Asgharian Asl Fatemeh, Abbaszade Sajjad, Derakhshani Horeyeh, Vaghef Ladan, Asgharian Asl Amirreza
Department of Cognitive Neuroscience, University of Tabriz, Tabriz, Iran.
Department of Cognitive Science, Faculty of Education & Psychology, University of Tehran, Tehran, Iran.
Front Psychiatry. 2024 Sep 3;15:1400414. doi: 10.3389/fpsyt.2024.1400414. eCollection 2024.
Exciting left DLPFC activity with high frequency and inhibiting right DLPFC with low frequency repetitive transcranial magnetic stimulation (rTMS) has shown antidepressant effects in major depressive disorder (MDD) and executive functions. However, few studies have directly compared unilateral and bilateral protocols.
Forty-seven individuals with treatment-resistant MDD underwent 10 sessions of rTMS over left DLPFC (20 Hz), bilateral DLPFC (left 20 Hz, right 1 Hz), or sham stimulation. Outcomes were depression (Beck Depression Inventory-II), visual-spatial memory (Corsi Block Test), response inhibition (Go/No-Go task), and cognitive flexibility (Wisconsin Card Sorting Test) assessed before and after treatment.
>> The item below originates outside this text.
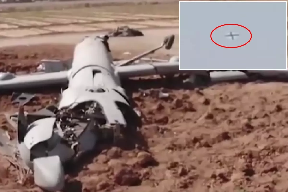 İran devlet televizyonu, düşürülen İsrail üretimi Hermes 900 tipi olduğunu açıklanan dronun manzaralarını yayınladı.

Both unilateral and bilateral rTMS significantly reduced depression levels versus sham controls based on BDI-II scores. While bilateral stimulation did not improve Corsi Test performance, unilateral protocol enhanced visual-spatial memory. On the Go/No-Go task, accuracy was higher in both active stimulation groups compared to sham, with no response time differences. Neither unilateral nor bilateral rTMS had significant effects on cognitive flexibility per the WCST.
Despite comparable antidepressant effects, unilateral stimulation had some cognitive advantages over bilateral rTMS, potentially due to greater left dorsolateral prefrontal cortex excitation. Further research on parameter optimization is warranted.
高频刺激左侧背外侧前额叶皮层(DLPFC)并通过低频重复经颅磁刺激(rTMS)抑制右侧DLPFC已显示出对重度抑郁症(MDD)和执行功能的抗抑郁作用。然而,很少有研究直接比较单侧和双侧方案。
47名难治性MDD患者接受了10次rTMS治疗,分别是对左侧DLPFC进行20Hz刺激、双侧DLPFC进行刺激(左侧20Hz,右侧1Hz)或假刺激。治疗前后评估的结果包括抑郁(贝克抑郁量表第二版)、视觉空间记忆(科西方块测试)、反应抑制(Go/No-Go任务)和认知灵活性(威斯康星卡片分类测试)。
基于BDI-II评分,与假刺激对照组相比,单侧和双侧rTMS均显著降低了抑郁水平。虽然双侧刺激并未改善科西测试的表现,但单侧方案增强了视觉空间记忆。在Go/No-Go任务中,与假刺激相比,两个主动刺激组的准确性更高,反应时间无差异。根据WCST,单侧和双侧rTMS对认知灵活性均无显著影响。
尽管抗抑郁效果相当,但单侧刺激相对于双侧rTMS具有一些认知优势,这可能是由于左侧背外侧前额叶皮层的兴奋程度更高。有必要对参数优化进行进一步研究。